## BRIEF
Once the line with "сбывается пророчество из" is found in the data, output it and each following line exactly, up to and including the line with "разом, обе палаты", and nothing before or after.

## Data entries
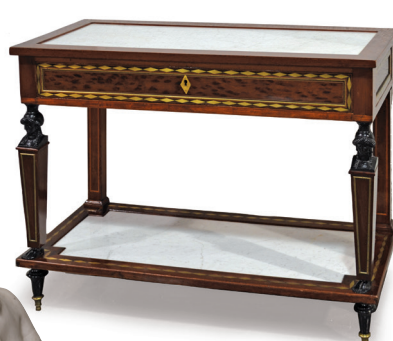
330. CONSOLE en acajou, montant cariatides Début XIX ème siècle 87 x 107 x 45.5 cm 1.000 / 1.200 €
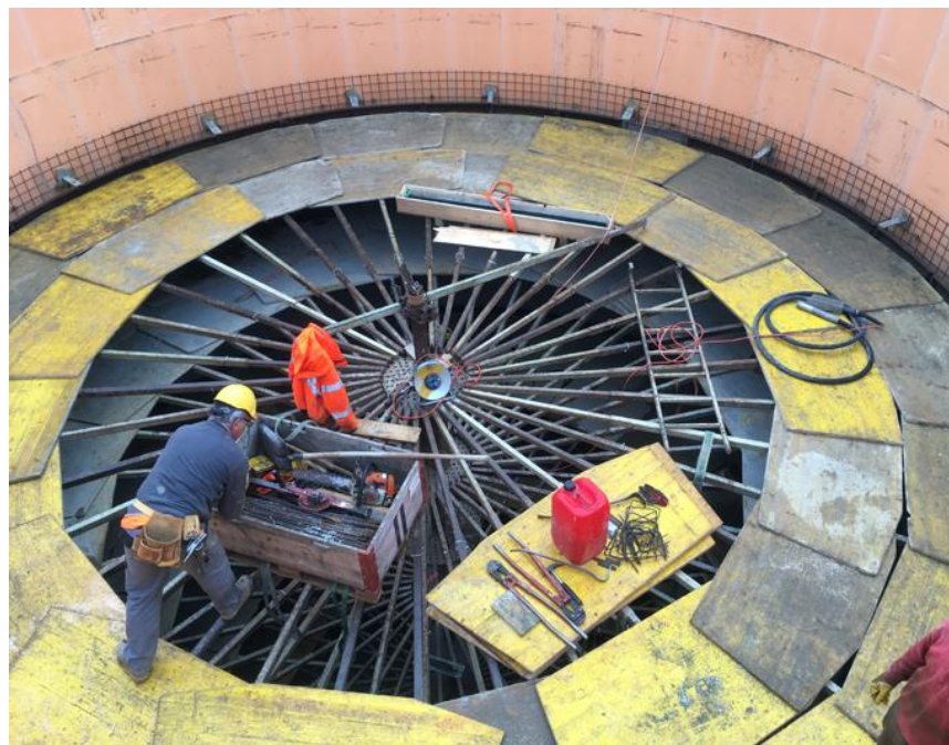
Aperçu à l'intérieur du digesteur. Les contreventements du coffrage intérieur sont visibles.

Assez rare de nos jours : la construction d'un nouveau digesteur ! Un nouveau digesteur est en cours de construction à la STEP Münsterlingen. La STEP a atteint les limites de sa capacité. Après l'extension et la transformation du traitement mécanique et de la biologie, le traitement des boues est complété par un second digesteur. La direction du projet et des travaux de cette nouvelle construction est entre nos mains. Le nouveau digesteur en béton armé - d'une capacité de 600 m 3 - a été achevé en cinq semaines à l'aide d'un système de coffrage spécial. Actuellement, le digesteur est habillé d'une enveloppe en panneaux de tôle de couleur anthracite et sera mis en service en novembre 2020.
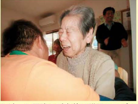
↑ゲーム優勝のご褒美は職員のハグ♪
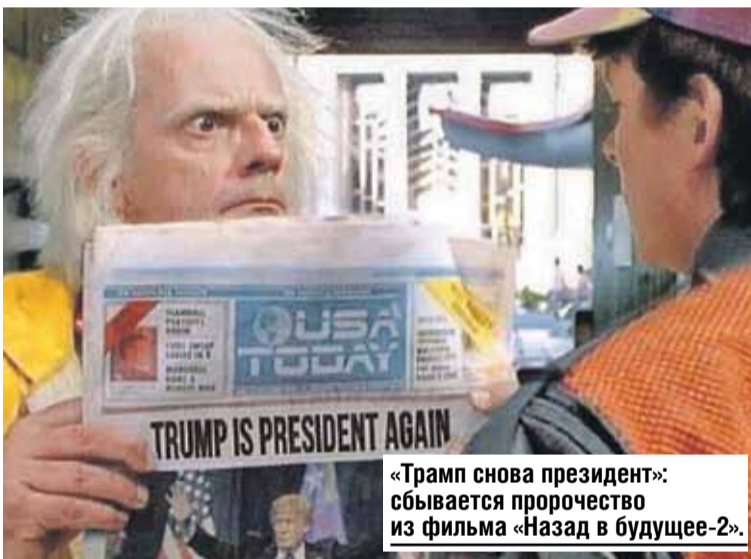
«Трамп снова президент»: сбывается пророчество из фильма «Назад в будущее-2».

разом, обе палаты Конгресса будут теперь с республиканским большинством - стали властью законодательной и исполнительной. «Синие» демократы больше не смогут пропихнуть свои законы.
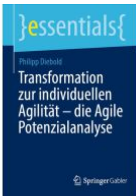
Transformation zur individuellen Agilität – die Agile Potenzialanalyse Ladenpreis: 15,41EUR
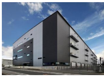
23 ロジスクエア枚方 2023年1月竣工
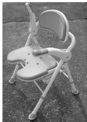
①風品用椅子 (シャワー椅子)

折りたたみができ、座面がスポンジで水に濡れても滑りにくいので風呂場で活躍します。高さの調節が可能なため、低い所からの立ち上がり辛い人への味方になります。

## PROBLEM SOLUTION
«Трамп снова президент»: сбывается пророчество из фильма «Назад в будущее-2».

разом, обе палаты Конгресса будут теперь с республиканским большинством - стали властью законодательной и исполнительной. «Синие» демократы больше не смогут пропихнуть свои законы.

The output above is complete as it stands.